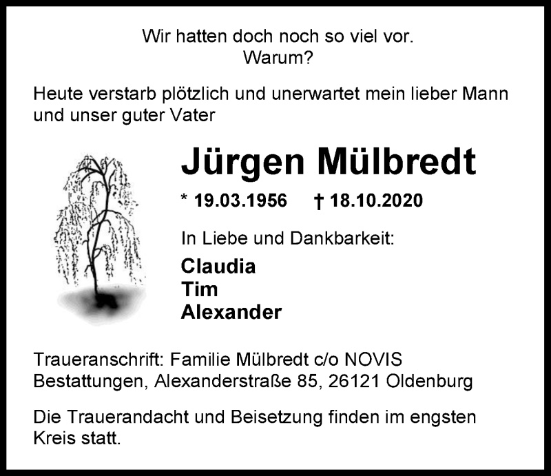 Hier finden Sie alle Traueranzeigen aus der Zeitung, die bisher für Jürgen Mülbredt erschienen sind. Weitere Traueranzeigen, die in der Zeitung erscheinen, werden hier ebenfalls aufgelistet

==

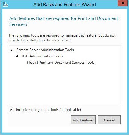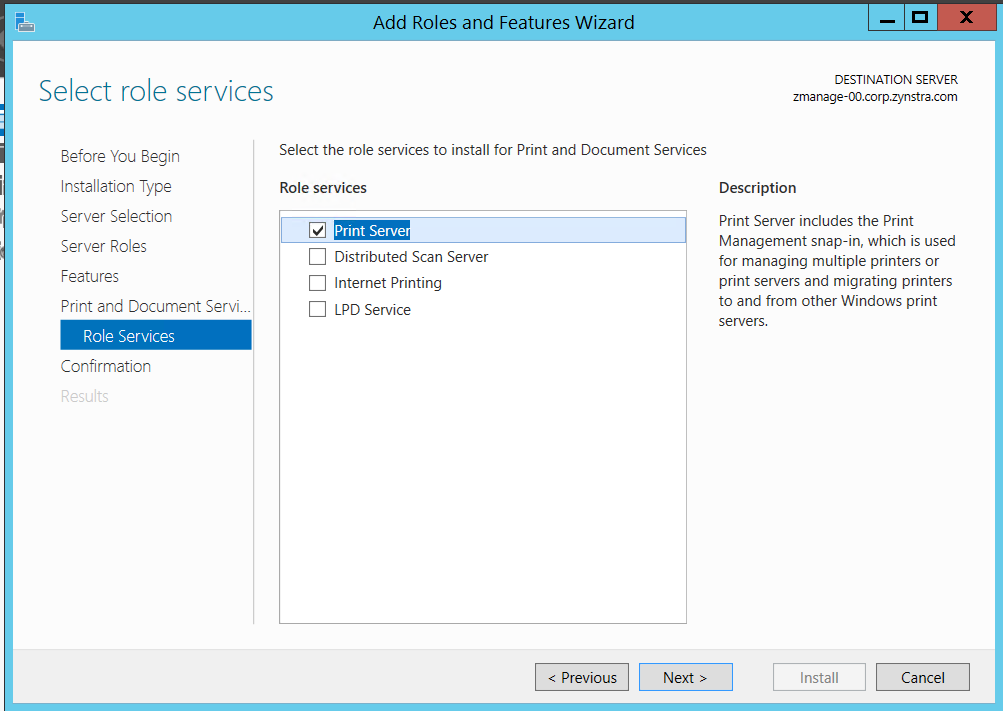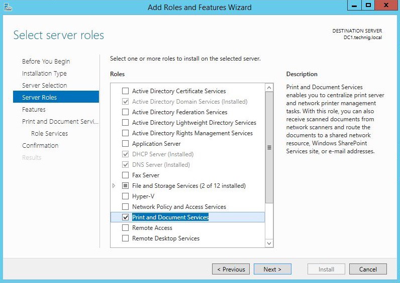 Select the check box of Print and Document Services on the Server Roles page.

...

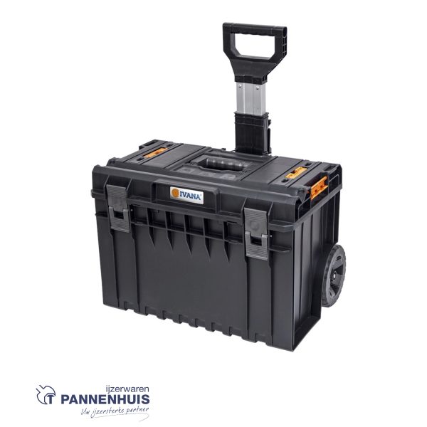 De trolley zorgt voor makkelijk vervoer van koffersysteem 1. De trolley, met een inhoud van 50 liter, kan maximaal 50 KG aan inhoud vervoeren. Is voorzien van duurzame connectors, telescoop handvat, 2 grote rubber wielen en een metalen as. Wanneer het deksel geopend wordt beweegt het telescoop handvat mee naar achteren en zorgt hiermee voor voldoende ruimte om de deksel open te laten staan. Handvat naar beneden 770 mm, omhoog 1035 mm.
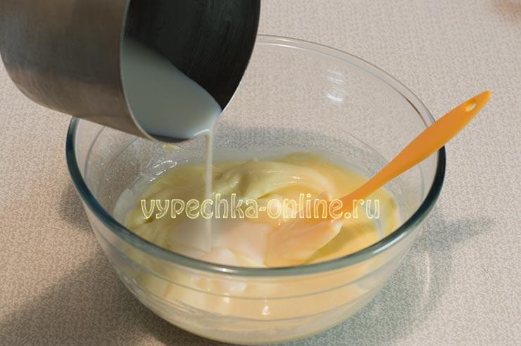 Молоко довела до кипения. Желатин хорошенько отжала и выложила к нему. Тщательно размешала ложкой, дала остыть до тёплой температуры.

> **Work required**
Up in the listing, locate the line with "De trolley zorgt"; print it and every line after it down to the line with "Молоко довела до", which is included too. Skip the pictures.

> **Exercise solution**
 De trolley zorgt voor makkelijk vervoer van koffersysteem 1. De trolley, met een inhoud van 50 liter, kan maximaal 50 KG aan inhoud vervoeren. Is voorzien van duurzame connectors, telescoop handvat, 2 grote rubber wielen en een metalen as. Wanneer het deksel geopend wordt beweegt het telescoop handvat mee naar achteren en zorgt hiermee voor voldoende ruimte om de deksel open te laten staan. Handvat naar beneden 770 mm, omhoog 1035 mm.
 Молоко довела до кипения. Желатин хорошенько отжала и выложила к нему. Тщательно размешала ложкой, дала остыть до тёплой температуры.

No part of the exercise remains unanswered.